Inquisitor Oberon is one of two antagonists in the novel and remains static, unchanged as the story progresses. He wears dark purple robes and glasses with “tiny, fussy metal frames” (17). He orchestrates the betrayal of the Duchess and the entire city, as well as the secret murders of several wizards and minor magickers—though the Spring Green Man carries out the actual violence. Oberon does not possess magic and is suspicious of magic because it is a kind of power he cannot control. Power is Oberon’s primary goal and motivation. He wants to amass power in any way he can. He began by trying to convince the Duchess to attack and conquer other city-states, which she refused to do. He then tries to gain power for himself, using the Duchess as a scapegoat, and then finally turns to the Carex as the instrument by which he can seize control. Oberon is intelligent, manipulative, and a consummate liar. The novel leaves it ambiguous if he dies or escapes in the end.

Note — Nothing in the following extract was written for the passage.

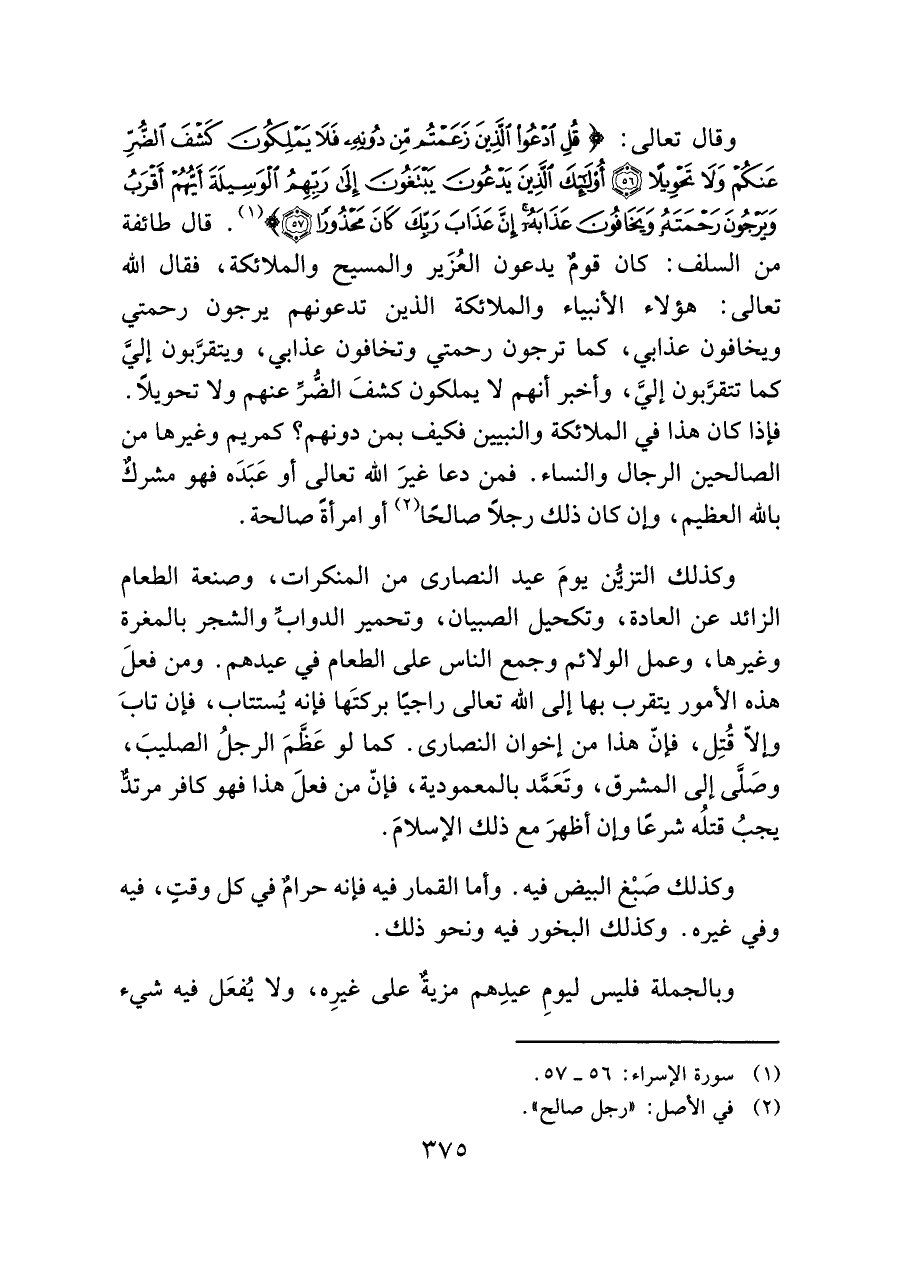 وقال تعالى: (قُلِ ادْعُوا الَّذِينَ زَعَمْتُمْ مِنْ دُونِهِ فَلا يَمْلِكُونَ كَشْفَ الضُّرِّ عَنْكُمْ وَلا تَحْوِيلًا (٥٦) أُولَئِكَ الَّذِينَ يَدْعُونَ يَبْتَغُونَ إِلَى رَبِّهِمُ الْوَسِيلَةَ أَيُّهُمْ أَقْرَبُ وَيَرْجُونَ رَحْمَتَهُ وَيَخَافُونَ عَذَابَهُ إِنَّ عَذَابَ رَبِّكَ كَانَ مَحْذُورًا (٥٧)) (¬١). قال طائفة من السلف: كان قومٌ يدعون العُزَير والمسيح والملائكة، فقال الله تعالى: هؤلاء الأنبياء والملائكة الذين تدعونهم يرجون رحمتي ويخافون عذابي، كما ترجون رحمتي وتخافون عذابي، ويتقرَّبون إليَّ كما تتقرَّبون إليَّ، وأخبر أنهم لا يملكون كشفَ الضرَّ عنهم ولا تحويلًا.

The Spring Green Man is the second of the two antagonists in the novel, and like Oberon, remains static and lacks development or change. He is a Royal Wizard in the palace’s household, whose real name is Elgar, though he is referred to only as the Spring Green Man for most of the novel. His magic is based on manipulating air, which allows him to move silently, hide in plain sight, and find his victims by smell. On orders from Oberon, he attacks and kills wizards, even those with minor abilities like Spindle’s sister Tibbie. However, though he works for Oberon, he has ambitions of his own. His plan was to kill Oberon after they took over the city and place himself as ruler of Riverbraid. Unlike Oberon, whose primary goal is amassing power, Elgar appears to take personal pleasure in violence, laughing maniacally when he attacks Mona.